Materials and methods:
STUDY AREA
The study area encompassed the winter and summer ranges of the partially migratory Ya Ha Tinda elk herd along the eastern slopes of the Rocky Mountains in and adjacent to Banff National Park (BNP, Fig. 1). High-elevation bare rock and mixed shrub and herbaceous alpine communities dominated areas > 2,100 m in the west. Engelmann spruce (Picea engelmannii ) and subalpine fir (Abies lasiocarpa ) were the primary high-elevation conifer landcover, with low-elevation forests consisting of lodgepole pine (Pinus contorta ) and white spruce (P. glauca ). Early seral stands (< 20-year stand age) consisted of logged areas (hereafter, “cutblocks”) and post-fire forest regeneration.
Other ungulates in the area include white-tailed deer (Odocoileus virginianus ), mule deer (O. hemionus ), moose, bighorn sheep (Ovis canadensis ), mountain goats (Oreamnos americanus ), and feral horses (Equus caballus ). Wolves naturally recolonized the study in the mid-1980s and continue to be relatively stable (Berg, 2019). Grizzly bears have increased in Alberta (Morehouse & Boyce, 2016), and densities on protected federal land were 2.4 times higher than on provincial lands (Boulanger et al., 2005; Whittington & Sawaya, 2015). Cougars expanded their range in northern and eastern Alberta since the 1990s (Knopff et al., 2014).
SCAT COLLECTION AND ANALYSIS
We used scat-detection dogs to detect predator scats during 1 July – 30 September, 2013 – 2016, along stratified random transects located in proportion to elevation classes and landcover representation within a systematic sampling grid of 57 5 x 5-km cells (see Spilker, 2019). We recorded scat diameter and physical description to identify scats to species (Weaver & Fritts, 1979; Rezendes, 1992; Elbroch, 2003), and collected DNA on a subsample of scats to assess our accuracy. We combined grizzly and black bears into one ursid category because we found low accuracy in our ability to discriminate the two (Spilker, 2019).
We analyzed scat contents for the presence of elk hair using either macroscopic analysis or DNA analysis. For macroscopic analysis, we randomly selected 20 hairs from each scat, prepared hairs using standard methods (Ciucci et al., 1996), and identified the species based on characteristics of the hairs’ medulla, cuticle scale patterns, and scale margin distance using dichotomous keys (Moore et al., 1974; Kennedy & Carbyn, 1981).

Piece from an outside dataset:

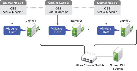 In Figure 3-3, the NCS cluster nodes are all virtual machines. Each node is hosted on a different VMware host. All nodes are running the same version of the OES operating system.
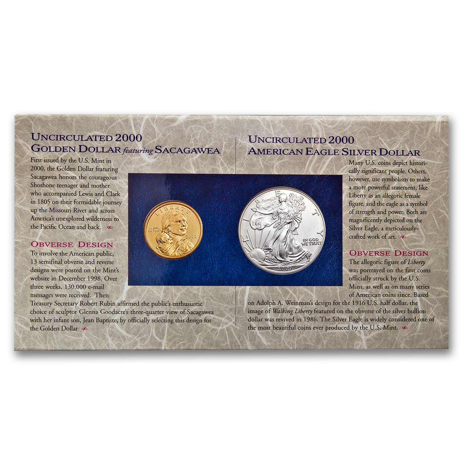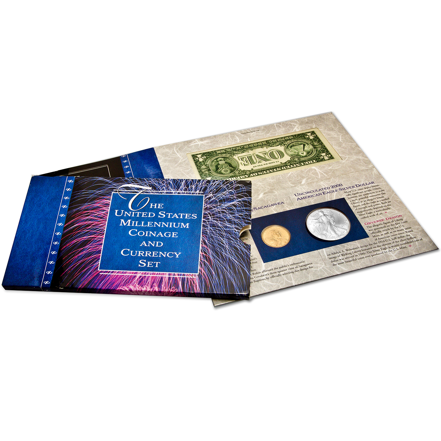 • 2000-dated Sacagawea dollar, released in a unique burnished finish for this set only.

Three trained observers were subject to blind trials on known hairs, obtaining a minimum of 80% correct classification rate prior to analysis.

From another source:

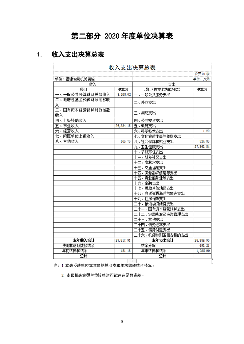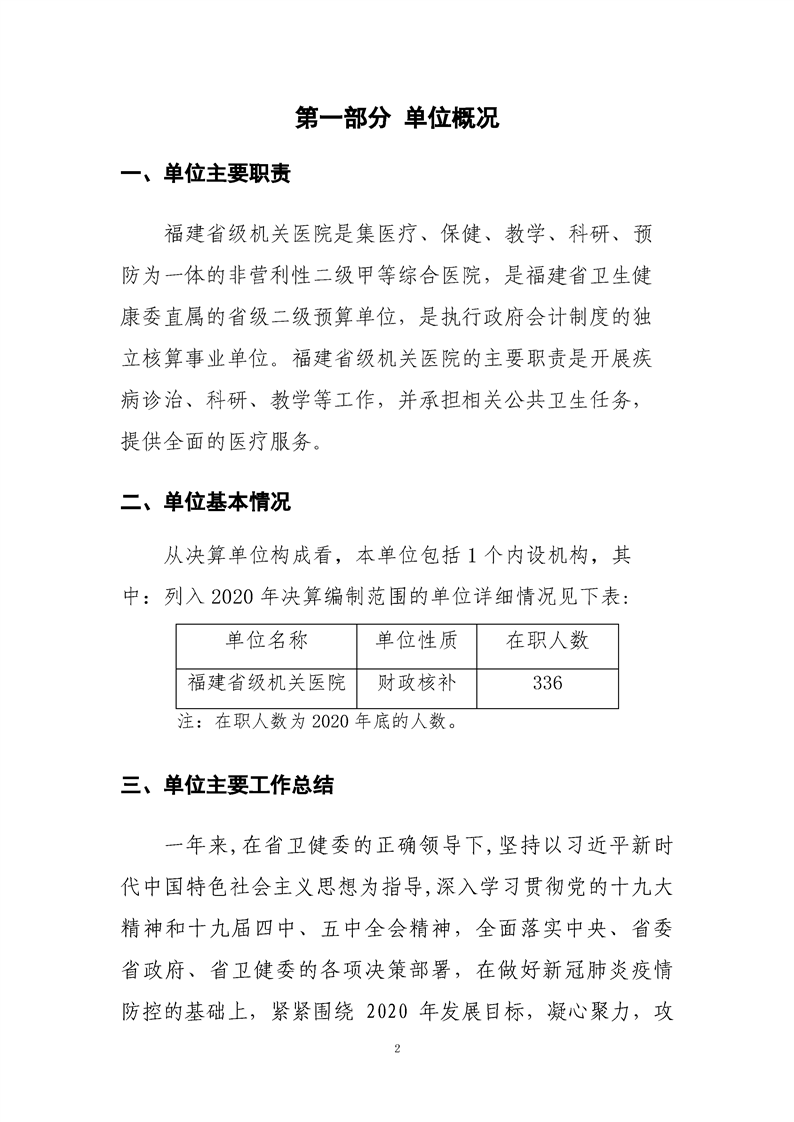 2020年度福建省級機關(guān)醫(yī)院決算公開報告

DNA was extracted from hair shafts using QIAGEN’s DNeasy Tissue kits (QIAGEN Inc., Valencia, USA). Polymerase chain reaction (PCR) was used to amplify DNA and prey species identification was confirmed via a partial sequence analysis of a hypervariable region of the mitochondrial 16S rRNA gene. This approach identified the most dominant prey species in the scat (i.e., based on the proportion of DNA); mixed samples where there was no dominant species (or equal amounts of DNA from each species) were re-run with ungulate-specific primers to determine if elk DNA was present. We compared the presence of elk from the DNA analysis to the macroscopic analysis on the same scats (n = 60) based on Area Under the Curve from a Receiver Operating Characteristic curve. We found DNA analysis detected elk present in 88% of the scats where we detected elk macroscopically. Wildlife Genetics International (Nelson, Canada) performed DNA analyses.
SPATIAL PREDATION RISK
Spatial predation risk (PRij ) reflected the relative risk of an elk dying from a specific predator, i , at a location j , and was derived as:
PRij = RSFij * Pij eqn 2
where RSFij is scat-based resource selection function, and Pij is relative probability of elk being in the predator scat at the location. To estimate total risk from all predators (bear, cougar, coyote, or wolf), we summed the individual predation risk predictions standardized from (0 – 1).